Case law

  • Case Details
    • National ID: 171/2002
    • Member State: Spain
    • Common Name:“C.S.I.-C.S.I.F” v “G.T.A.P., S. L.”
    • Decision type: Other
    • Decision date: 31/10/2002
    • Court: Audiencia Provincial (Appellate court, Teruel)
    • Subject:
    • Plaintiff:
    • Defendant:
    • Keywords:
  • Directive Articles
    Doorstep Selling Directive, Article 1, 1. Doorstep Selling Directive, Article 2
  • Headnote
    1. A trade union may be treated as a “consumer” pursuant to the definition provided, by remission of Law 26/1991 on doorstep selling, in article 1 of Law 26/1984 on the protection of consumers and users, because such organizations do not engage in business activities and because the object of the contract is not reintegrated in the actual course of its activities.
    2. Spanish Law 26/1991 treats legal entities as consumers, in contrast to Directive 85/577/EC which excludes them.
  • Facts
    A civil servants trade union hired a company to provide certain advertising services.
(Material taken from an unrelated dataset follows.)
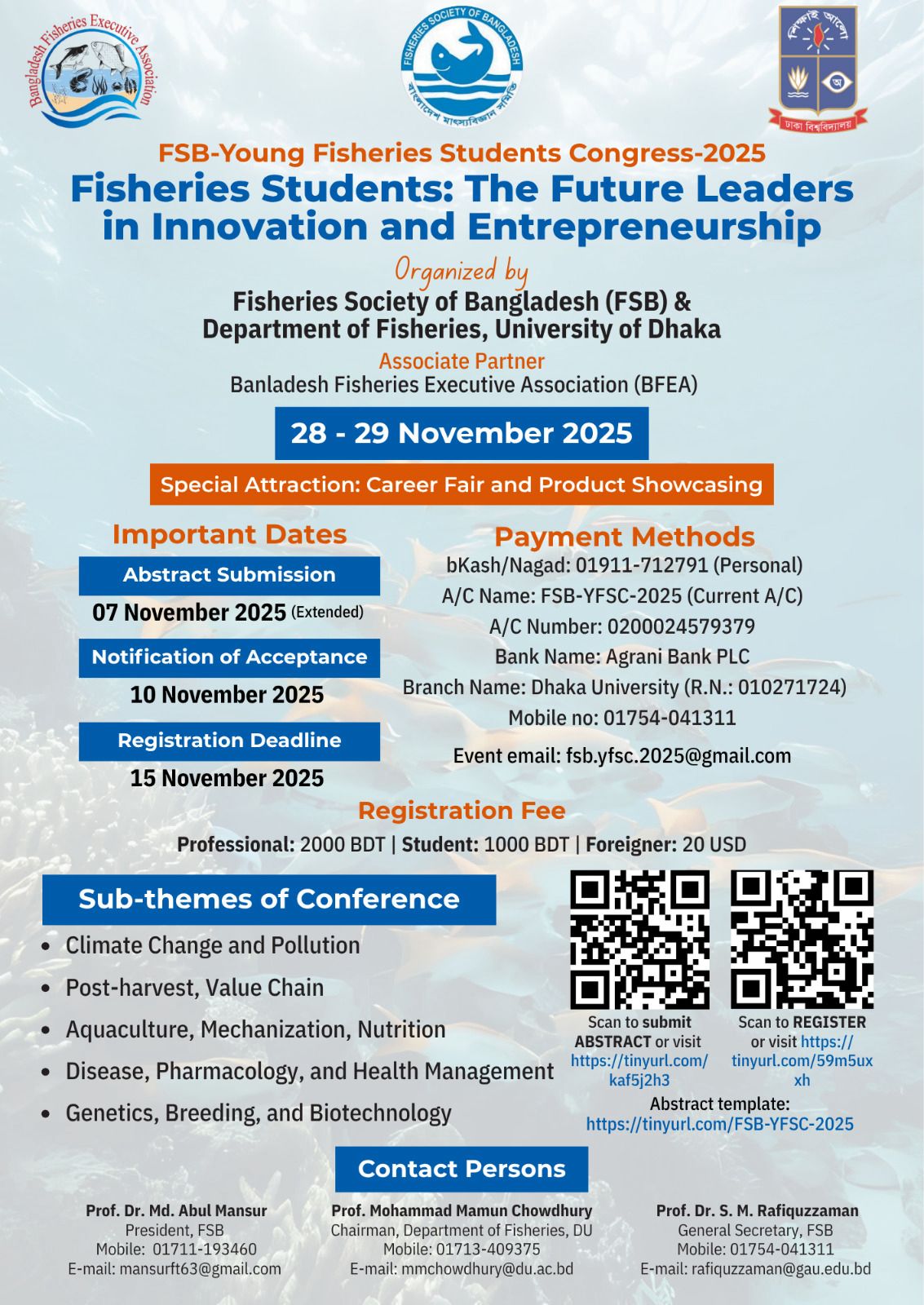 আগামী ২৮ ও ২৯ নভেম্বর ২০২৫ Young Fisheries Students Congress (YFSC)- 2025 অনুষ্ঠিত হবে

The corresponding contract was signed on 21 March 2000. The trade union then tried to declare the contract null and void in accordance with the provisions contained in Law 26/1991 on doorstep selling. The defendant company challenged this decision because it considered that the trade union could not be treated as a “consumer” in order for this law to be applicable to it. The court accepted the trade union’s claim.
  • Legal issue
    Law 26/1991 applies to contracts between entrepreneurs and consumers; the latter are defined in accordance with the definition contained in the General Consumer and Users Protection Law (Law 26/1984). According to article 1.2 of this law, consumers are individuals and legal entities that purchase, use or enjoy, as end users, goods or services. This definition (article 1.3) does not include individuals or entities that, without being end users, purchase, use or consume goods or services in order to reincorporate them in production, processing or marketing processes or in services to third parties. The same exclusion in respect of the definition of consumers has been applied by the Spanish Supreme Court to persons reincorporating goods and services acquired in the course of business or professional activities (Spanish Supreme Court judgements of 17 July 1997, 17 March 1998, 18 June 1999 and 16 October 2000).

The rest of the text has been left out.